The patent system has also been crucial in facilitating the growth of new start-up businesses, with 67 percent of entrepreneurs reporting that they find patents valuable in obtaining venture financing. This is important because although large companies contribute enormously to American innovation and industrial growth through their in-house research and development operations as well as via their partnerships with research universities, start-up companies play a particularly strong role in the creation of entirely new industries. Indeed, virtually every innovative new industry of the last 150 years—From the telegraph, telephone, and electric power industries of the 1800s, to the auto, aircraft, materials, and aerospace industries of the twentieth century, to the semiconductor, personal computer, software, biotech and Internet e-commerce industries of the last 60 years—was launched by an entrepreneurial start-up company.

The Founders would not be surprised by this. They created the world’s first democratized patent system, after all, for a reason: to stimulate the ingenuity of the common man. They had asked themselves a question—the same question reiterated two generations later by Supreme Court Justice Joseph Story when he spoke before an audience of ordinary mechanics: “Ask yourselves, what would be the result of one hundred thousand minds ... urged on by the daily motives of interest, to acquire new skill, or invent new improvements.”

The result was the most successful economy on the face of the earth.
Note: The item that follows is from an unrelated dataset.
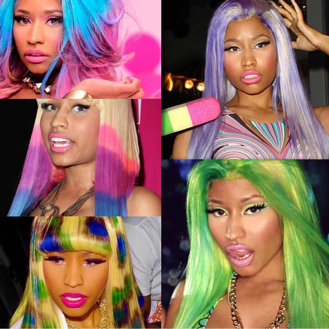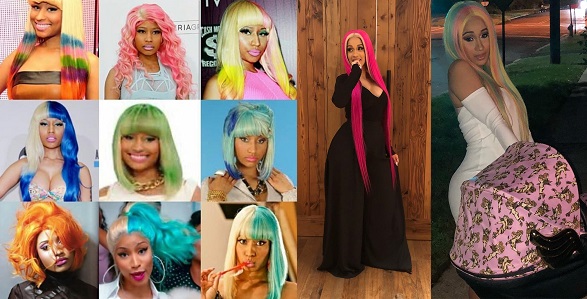 Nicki rocked a wig with a colourful hue a day after Cardi B rocked a pink wig with blonde tresses – this prompted Cardi fans to accuse Nicki of being a copycat.

Patents and the American Dream

It’s not only the economy that the patent system helped shape, but the culture and consciousness as well. As the eminent historian Gordon S. Wood observed in his 2010 book Empire of Liberty,

“By the early nineteenth century, technology and prosperity were assuming for Americans the same sublime and moral significance that the enlightenment had reserved for the classical state and the Newtonian universe. Eli Whitney, inventor of the cotton gin, and Robert Fulton, creator of the steamboat, became national heroes.”

And for the first time in human history, a nation had come to see its greatness not in empire or military might or royal lineage, but in its capacity for technological progress.

There was nothing preordained about America’s economic success, no special “Yankee ingenuity” gene in their hereditary stock. As Scientific American noted in 1876, the United States advanced “not because we are by nature more inventive than other men. Every nationality becomes inventive the moment it comes under our laws.”

Rather, the secret of America’s success was a uniquely democratic patent system that “added the fuel of interest to the fire of genius” in generations of ordinary citizens—and in so doing, helped in a very real way to give birth to the American Dream itself.

Ironically, few people today even know the origin of the term “the American Dream.” In fact, it was coined in 1931, by the historian James Truslow Adams in his book Epic of America, and it is instructive to read what Adams meant by it:

“The American Dream, that has lured tens of millions of all nations to our shores in the past century, has not been a dream merely of material plenty, though that has doubtless counted heavily. It has been much more than that. It has been a dream of being able to grow to fullest development as a man and woman, unhampered by the barriers which had slowly been erected in the older civilizations, unrepressed by social orders which had developed for the benefit of classes rather than for the simple human being of any and every class.”

Only in America could a working class youth named Thomas Edison with less than three years of schooling develop himself into the world’s greatest inventor—a visionary who gave the world some of the most important technologies of late nineteenth- and early twentieth-century life.

This is exactly what the Founders had in mind when they created the U.S. patent system.